- [Stored records]:
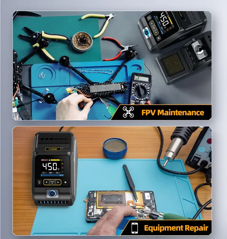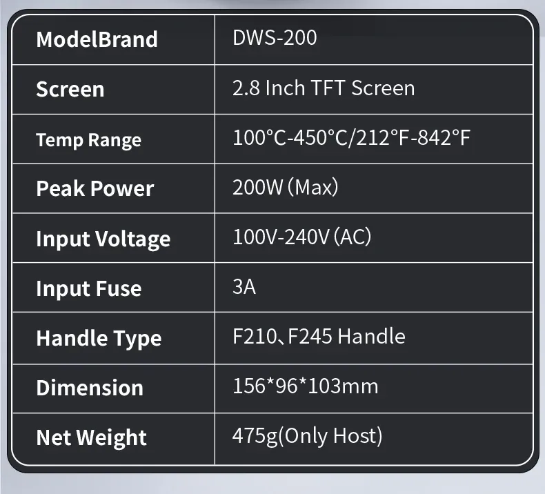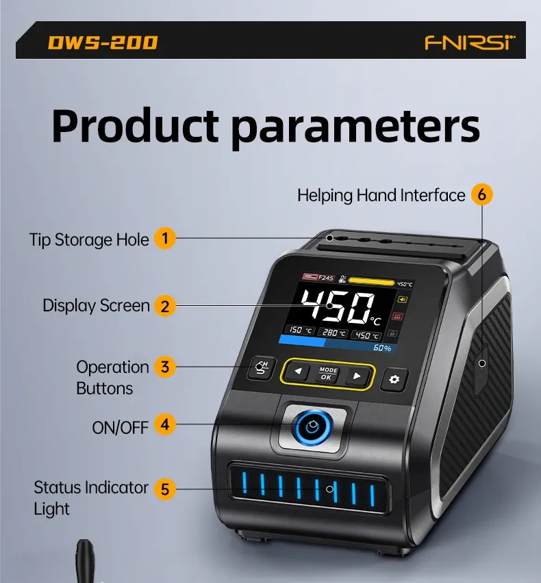 DWS-200 is a 200W high-power precision soldering station launched by FNIRSI. It is a commonly used hand tool in electronic soldering processes. This product has a built-in high-power pure copper transformer, suitable for 100-240V voltage input, with a maximum power of 200W. Supports conversion from ℃ to ℉, adjustable temperature range 100℃~450℃/212℉~842℉. It also supports preset 3 sets of temperature values and can be connected to a soldering iron stand for standby induction. Use dynamic temperature curve mode to try monitoring data
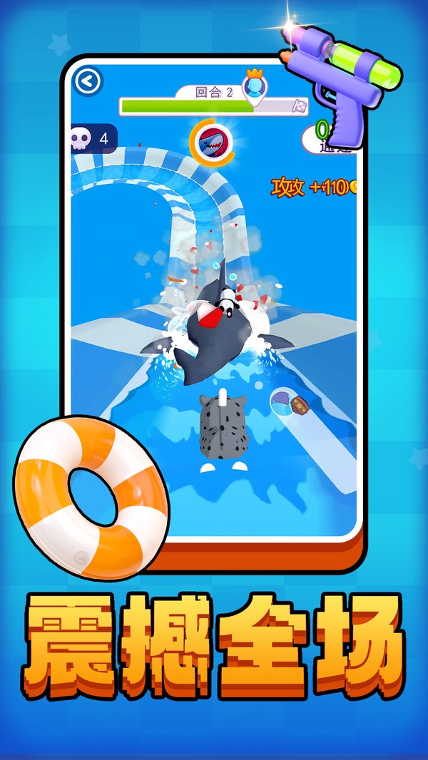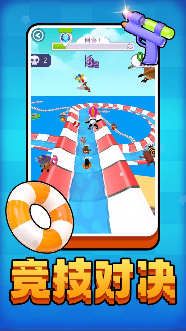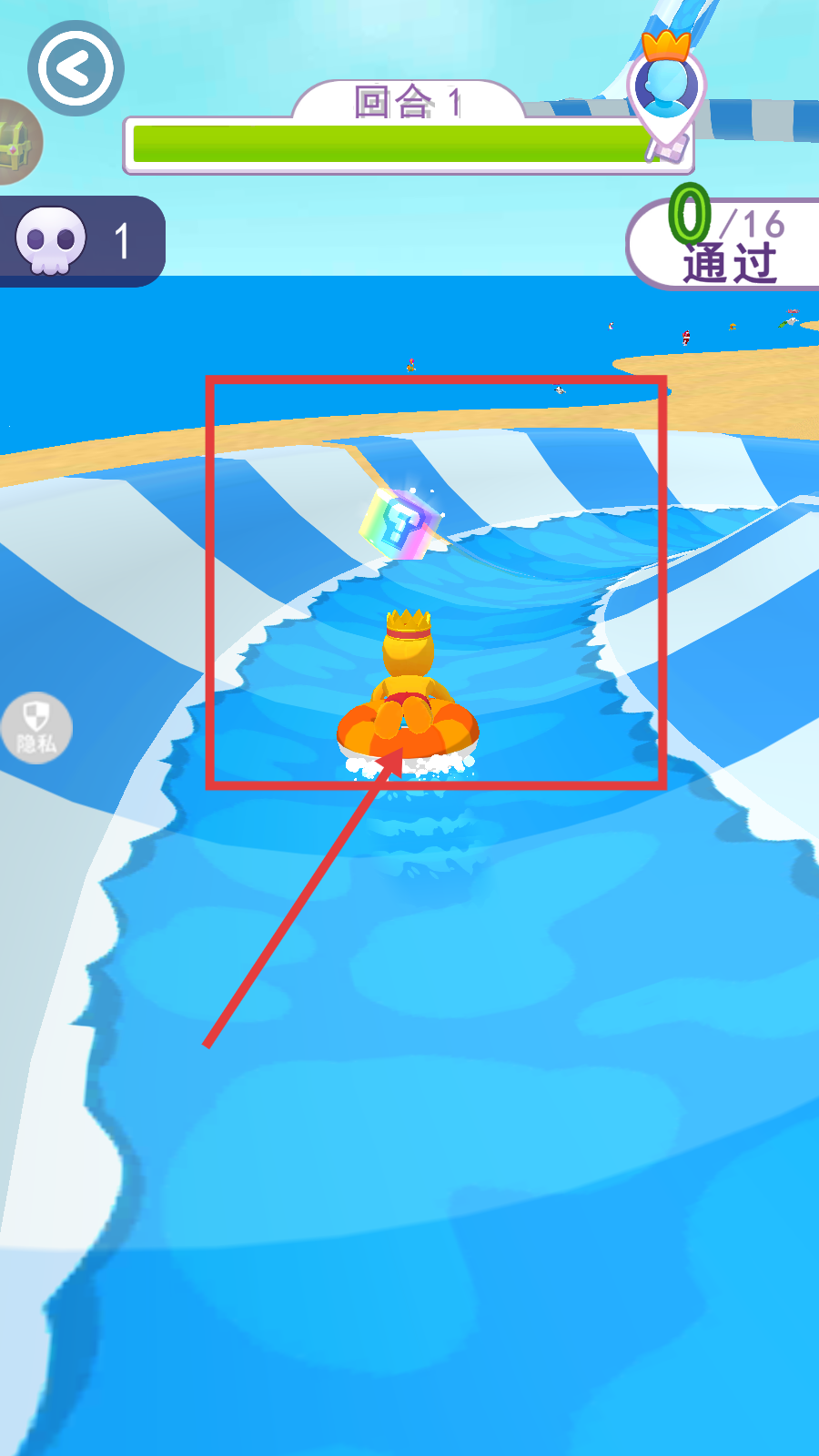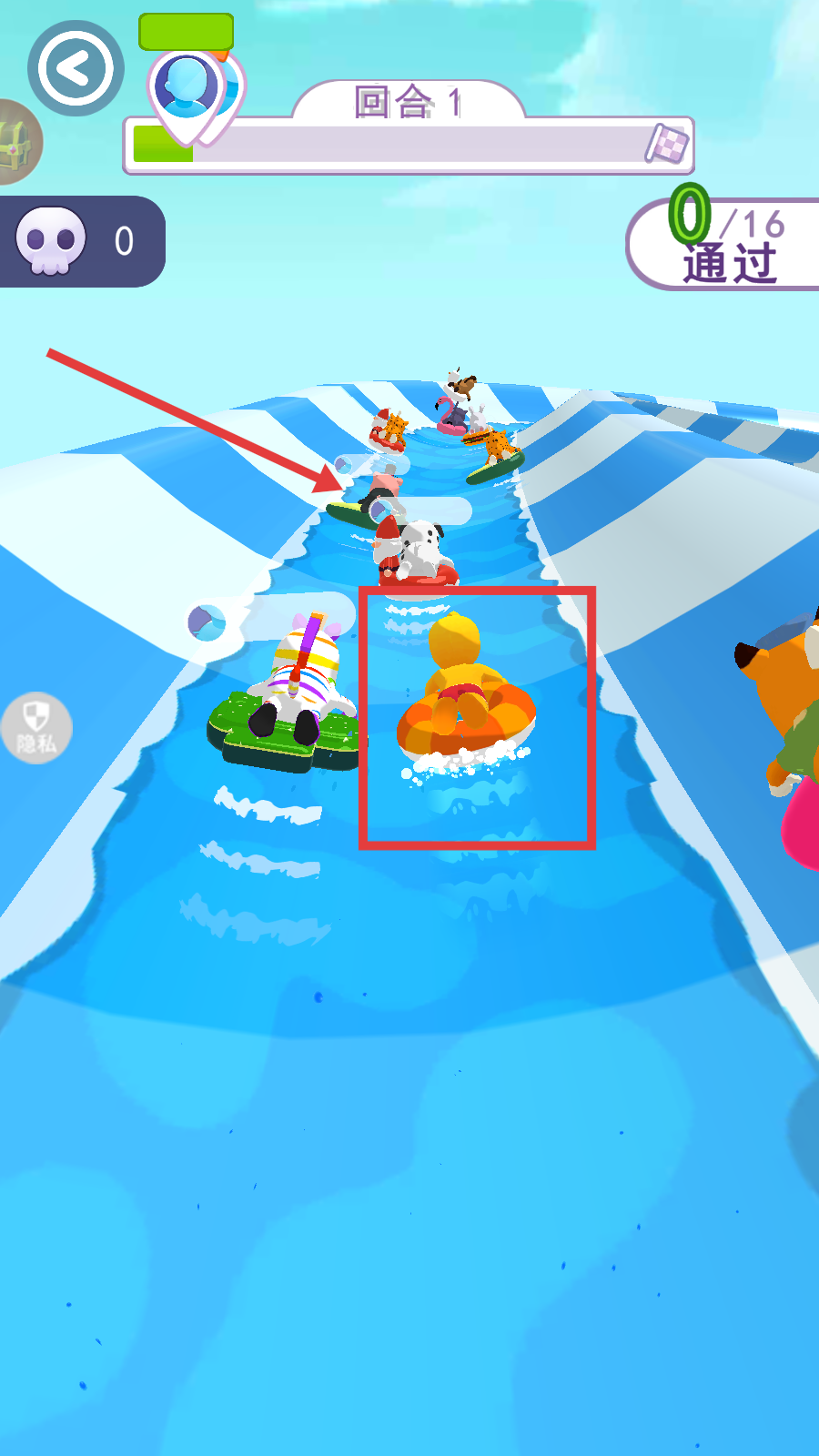 1、参与【回合1】水上竞速,操控角色避开对手,朝着【0/16-通过】目标冲刺,抢占先机。
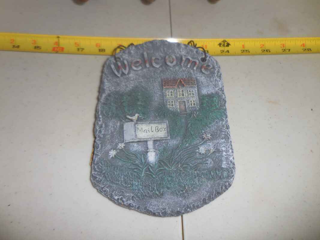 Folding hat rack & stone wall hanging “Welcome” sign
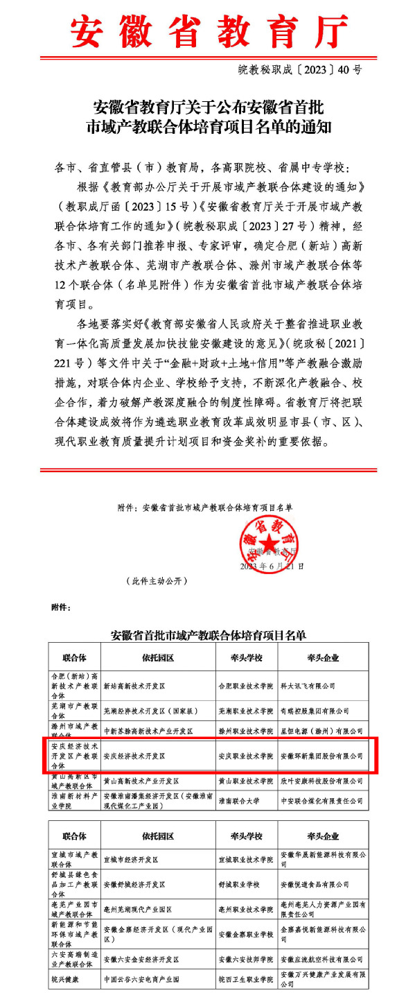 日前,省教育廳公布我省首批市域產教聯合體培育項目名單,由安慶職業技術學院牽頭申報的安慶經濟技術開發區產教聯合體項目以全省第四名成績獲批立項。安慶市域產教聯合體是以安慶經開區為依托,以安慶職業技術學院為牽頭學校,安徽環新集團股份有限公司為牽頭企業,按照“一產一鏈、一園一群”思路組建,將充分發揮產業聚合、企業牽引、學校主體作用,全力推進我市產教深度融合、產學深入合作,積極探索構建政府推動、多部門共同參與、多主體協同、實體化運作的新型產教融合發展模式。
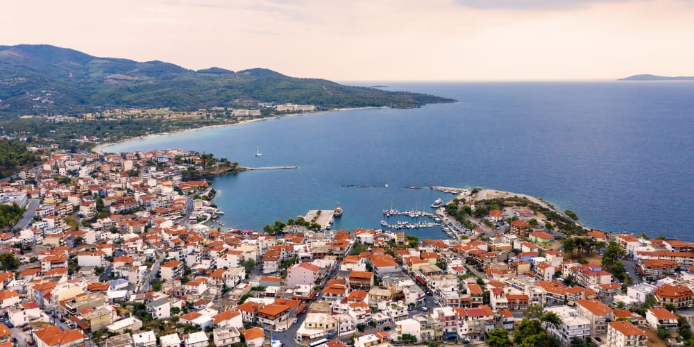 To get to Neos Marmaras you should take a flight from your country to Thessaloniki International Airport. The “Macedonia” Airport (IATA code: SKG) serves international and domestic flights and is located 15 km from the city center. We usually purchase airline tickets on the AVIASALES website which is one of the largest online search engines for flights all over the world. This service helps to compare airfares from hundreds of airlines and dozens of travel agencies and systems and book the cheapest tickets available.
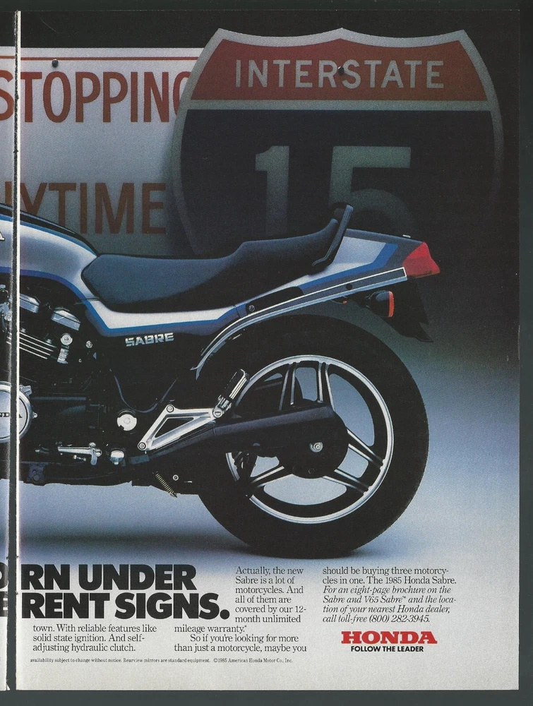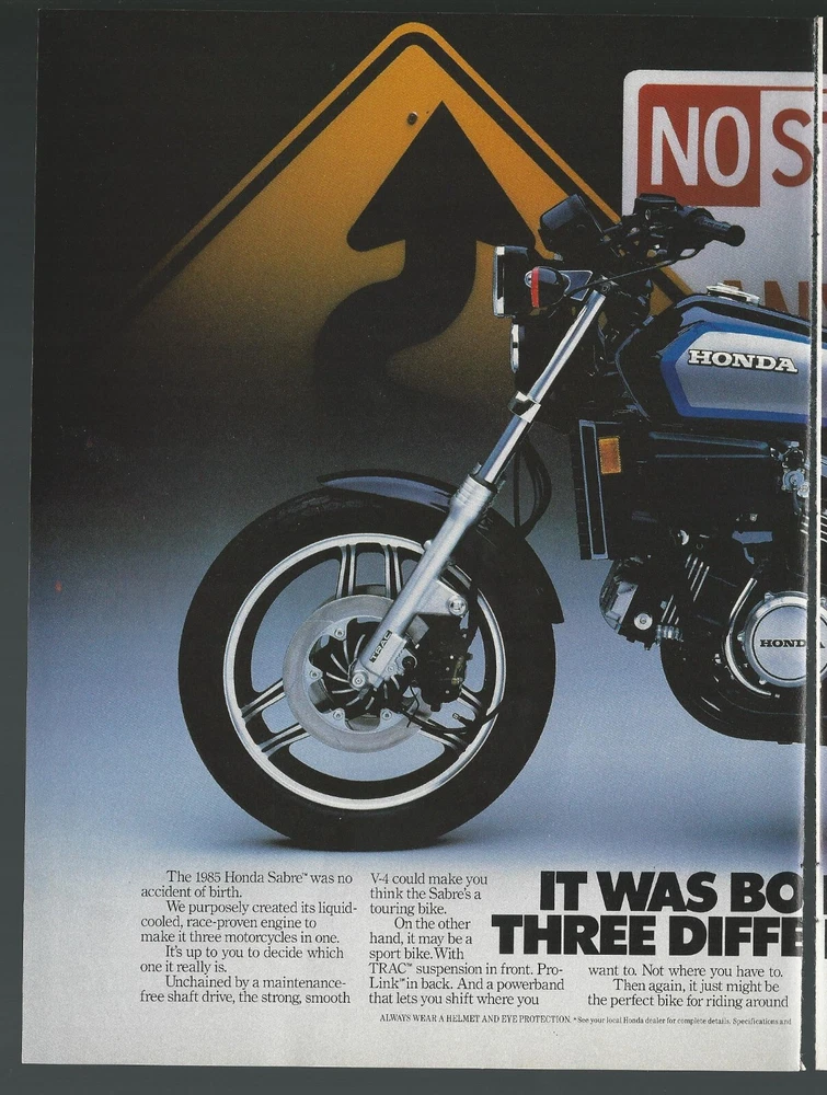 Selling is a 2-page advertisement for: HONDA SABRE motorcycle from 1985 This advertising page was the American Honda Motor Co. Inc. The 2-page ad has a large photo of a Honda Sabre motorcycle. There are a few road signs in the background. Ad text starts “It was born under three different signs” and goes on about the bike. This ad is 2 full pages, each approx. 8” x 11”, carefully removed from an actual 1985 magazine. my ad#R&T522 Please note the flat-rate shipping for my advertising pages. These will be mailed flat (with cardstock stiffeners) in one envelope. If you are buying more than 1 ad (or multiple ad lot), do not pay until you have finished shopping. eBay should combine sales automatically. If they do not, please do not pay until I send the combined invoice. Click Here To Visit My eBay Store: busybeas books and ads 7000+ advertisement pages and magazine articles non-fiction books craft & hobby items plus anything I find that looks interesting! Please see my store for more goodies, books and magazines. I'll combine wins to save on postage. Thanks For Looking! Luke 12: 15 Note to CANADIAN purchasers: eBay is automatically charging you PST/GST/HST . I do NOT collect it or remit it, eBay does. Note to UNITED STATES purchasers (and some other international spots too) : eBay is automatically charging you the sales tax (for some USA states) or VAT (for some countries). I do NOT collect it or remit it, eBay does.

- [WHAT THIS TASK INVOLVES]:
Each line from the one that contains "Folding hat rack" down to the one that contains "To get to Neos" is to be returned exactly as it stands above, both ends included, with pictures removed.

- [TASK RESPONSE]:
 Folding hat rack & stone wall hanging “Welcome” sign
 日前,省教育廳公布我省首批市域產教聯合體培育項目名單,由安慶職業技術學院牽頭申報的安慶經濟技術開發區產教聯合體項目以全省第四名成績獲批立項。安慶市域產教聯合體是以安慶經開區為依托,以安慶職業技術學院為牽頭學校,安徽環新集團股份有限公司為牽頭企業,按照“一產一鏈、一園一群”思路組建,將充分發揮產業聚合、企業牽引、學校主體作用,全力推進我市產教深度融合、產學深入合作,積極探索構建政府推動、多部門共同參與、多主體協同、實體化運作的新型產教融合發展模式。
 To get to Neos Marmaras you should take a flight from your country to Thessaloniki International Airport. The “Macedonia” Airport (IATA code: SKG) serves international and domestic flights and is located 15 km from the city center. We usually purchase airline tickets on the AVIASALES website which is one of the largest online search engines for flights all over the world. This service helps to compare airfares from hundreds of airlines and dozens of travel agencies and systems and book the cheapest tickets available.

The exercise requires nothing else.